About two thirds of states have approved Aetna’s proposed $37 billion acquisition of Louisville-based health care giant Humana and the company expects the deal to close as predicted later this year, said Aetna chairman Mark Bertolini this week.
The revelations came Thursday as Aetna released first-quarter results, which showed that the Connecticut-based insurer had exceeded analysts’ projections.
Bertolini credited the strong start to the year to the company’s Medicaid business, which provides health care for low-income individuals. The company reported growing that segment by 230,000 members during the first quarter over 2015’s first three months.
Aetna, however, has had to withstand harsh criticism of the Humana deal from the American Medical Association and other groups that have told U.S. Justice Department and Federal Trade Commission officials that the purchase will stifle competition and stick consumers with fewer choices and higher prices. State insurance commissions must sign off on the deal, and several, including Kentucky and Florida, have approved it.
But the key is the ongoing review by federal anti-trust regulators.
Aetna executives remain confident, nonetheless, that the deal can close later this year. A company press release quoted Bertolini as saying that “we have obtained approximately two-thirds of the necessary state change of control approvals required to close the transaction, and we continue to cooperate with the Department of Justice as we move toward a combined organization that will accelerate our efforts to build a healthier world.”

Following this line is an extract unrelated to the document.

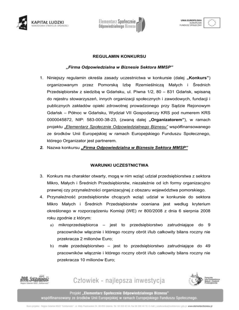 REGULAMIN KONKURSU „Firma Odpowiedzialna w Biznesie Sektora MMSP” 1. Niniejszy regulamin określa zasady uczestnictwa w konkursie (dalej „Konkurs”) organizowanym przez Pomorską Izbę Rzemieślniczą Małych i Średnich Przedsiębiorstw z siedzibą w Gdańsku, ul. Piwna 1/2, 80 – 831 Gdańsk, wpisaną do rejestru stowarzyszeń, innych organizacji społecznych i zawodowych, fundacji i publicznych zakładów opieki zdrowotnej prowadzonego przy Sądzie Rejonowym Gdańsk – Północ w Gdańsku, Wydział VII Gospodarczy KRS pod numerem KRS 0000045872, NIP: 583-000-38-23, (zwaną dalej „Organizatorem”), w ramach projektu „Elementarz Społecznie Odpowiedzialnego Biznesu” współfinansowanego ze środków Unii Europejskiej w ramach Europejskiego Funduszu Społecznego, którego Organizator jest partnerem. 2. Nazwa konkursu „Firma Odpowiedzialna w Biznesie Sektora MMSP” WARUNKI UCZESTNICTWA 3. Konkurs ma charakter otwarty, mogą w nim wziąć udział przedsiębiorstwa z sektora Mikro, Małych i Średnich Przedsiębiorstw, niezależnie od ich formy organizacyjno prawnej czy przynależności organizacyjnej z obszaru województwa pomorskiego. 4. Przynależność przedsiębiorstw chcących wziąć udział w konkursie do sektora Mikro Małych i Średnich Przedsiębiorstw oceniana jest według kryterium określonego w rozporządzeniu Komisji (WE) nr 800/2008 z dnia 6 sierpnia 2008 roku zgodnie z którym: a) mikroprzedsiębiorca – jest to przedsiębiorstwo zatrudniające do 9 pracowników włącznie i którego roczny obrót i/lub całkowity bilans roczny nie przekracza 2 milionów Euro; b) małe przedsiębiorstwo – jest to przedsiębiorstwo zatrudniające do 49 pracowników włącznie i którego roczny obrót i/lub całkowity bilans roczny nie przekracza 10 milionów Euro; c) średnie przedsiębiorstwo – jest to przedsiębiorstwo zatrudniające do 249 pracowników włącznie i którego roczny obrót nie przekracza 50 milionów Euro a/lub całkowity bilans roczny nie przekracza 43 milionów Euro. 5. Uczestnictwo w konkursie jest dobrowolne i bezpłatne. 6. Warunkiem uczestnictwa w Konkursie jest wypełnienia dwóch formularzy zgłoszeniowych, które są do pobrania na stronie internetowej Organizatora www.pomorskaizba.com.pl w zakładce „Firma z Przyszłością” oraz na stronie internetowej projektu www.elementarzbiznesu.pl w zakładce „Konkurs” lub w siedzibie Organizatora przy ul. Piwnej 1/2 w Gdańsku. Jeden z formularzy zgłoszeniowych powinien zostać wypełniony przez pracodawcę, a drugi przez pracownika. Kompletnie uzupełnione i podpisane formularze należy przesłać na adres Organizatora wskazany w ust. 1 w nieprzekraczalnym terminie do dnia 31 sierpnia 2013 roku lub złożyć osobiście. 7. W przypadku przesłania formularzy pocztą za dzień zgłoszenia uważa się datę stempla pocztowego. 8. Uczestnictwo w konkursie jest równoznaczne z wyrażeniem zgody na przekazanie informacji o zgłaszanym przedsiębiorstwie zgodnie z zasadami należytej staranności i etyki zawodowej w zakresie dotyczącym społecznej odpowiedzialności biznesu oraz na przetwarzanie danych dla celów postępowania konkursowego i publikacji wyników zbiorczych. 9. Podmioty uczestniczące w konkursie, wraz z dostarczeniem formularzy zgłoszeniowych, winny dostarczyć kopie dokumentu rejestracyjnego (odpis KRS lub wyciąg z CEDIG) oraz wypełnione oświadczenia o niezaleganiu z należnościami wobec Urzędu Skarbowego i ZUS. Wzór oświadczenia stanowi załącznik nr 1 do niniejszego regulaminu. 10. W celu potwierdzenia informacji zawartych w oświadczeniu o którym mowa w ust. 9, Organizator zastrzega sobie prawo, po terminie składania dokumentów a przed terminem wyboru laureatów konkursu do wezwania Uczestników celem złożenia przez nich zaświadczeń o niezaleganiu z należnościami względem Urzędu Skarbowego oraz ZUS. W przypadku odmowy dostarczenia wymaganych dokumentów, Organizator przyjmuje, iż Uczestnik zrezygnował z udziału Konkursie. WYBÓR LAUREATÓW 11. Wybór laureatów Konkursu dokonywany jest przez 3 osobową Komisję Oceniającą na podstawie nadesłanych przez uczestników formularzy zgłoszeniowych składających się z pytań zamkniętych i pytań otwartych. W formularzu zgłoszeniowym wypełnianym przez pracodawcę jest 16 pytań zamkniętych jednokrotnego wyboru i 16 pytań otwartych, natomiast w formularzu zgłoszeniowym przeznaczonym do wypełnienia przez pracownika jest 6 pytań zamkniętych jednokrotnego wyboru i 6 otwartych. 12. Poszczególnym pytaniom przypisana jest odpowiednia liczba punktów. Komisja Oceniająca nie ujawnia ilości punktów, które można zdobyć udzielając odpowiedzi na dane pytanie. Punkty są przyznawane wyłącznie za jednoznaczne udzielenie odpowiedzi. 13. Weryfikacja poprawności zaznaczonych odpowiedzi dokonywana jest poprzez porównywanie czy zaznaczona odpowiedź i opis w pytaniu otwartym są spójne. Jeżeli weryfikacja wykaże, że odpowiedź zaznaczona w pytaniu zamkniętym została wybrana przez osobę wypełniającą zgłoszenie „na wyrost” w stosunku do informacji zawartych w odpowiedzi na komplementarne pytanie otwarte, Członek Komisji Oceniającej powinien odjąć odpowiednią liczbę punktów. Jeżeli sytuacja jest odwrotna, Członek Komisji Oceniającej może dodać odpowiednią liczbę punktów. 14. Oceniając pytanie otwarte Członkowie Komisji Oceniającej zwracają uwagę na to, że im bardziej kompleksowy i adekwatny do pytania jest opis tym powinien być lepszy wynik firmy. 15. Wybór laureatów dokonywany jest w wyniku podsumowania punktów uzyskanych z odpowiedzi na wszystkie pytania z formularzy zgłoszeniowych pracodawcy i pracownika łącznie. 16. Wybór laureatów i ocena nadesłanych formularzy zgłoszeniowych dokonywana jest przez 3 osobową Komisję Oceniającą, której członkowie zostaną wybrani przez Organizatora najpóźniej do dnia upływu terminu składania dokumentów. 17. Maksyma

Not all states are thrilled about the deal. California’s insurance commissioner Dave Jones told regulators during a recent hearing that such mergers raise prices and reduce access, particularly for people with chronic illnesses, according to Healthcare Dive.
Jones can’t block the deal, but his comments are significant because they add to a volume of concerns from opponents. The companies have defended the merger, insisting that it will trim costs, expand access and improve quality of health care for customers. Executives also have told regulators that the combined companies would save $1.25 billion in 2018.
Healthcare Drive noted that California’s Department of Managed Health Care deemed Aetna’s decision to raise premiums last year on small businesses by 21 percent the fourth increase there since 2013 to be “unreasonable.”
Aetna’s Fran Soistman, who’s in charge of Medicare and Medicaid business, countered that efforts to offer a “range of plans” gives customers working for small businesses adequate options to suit their needs.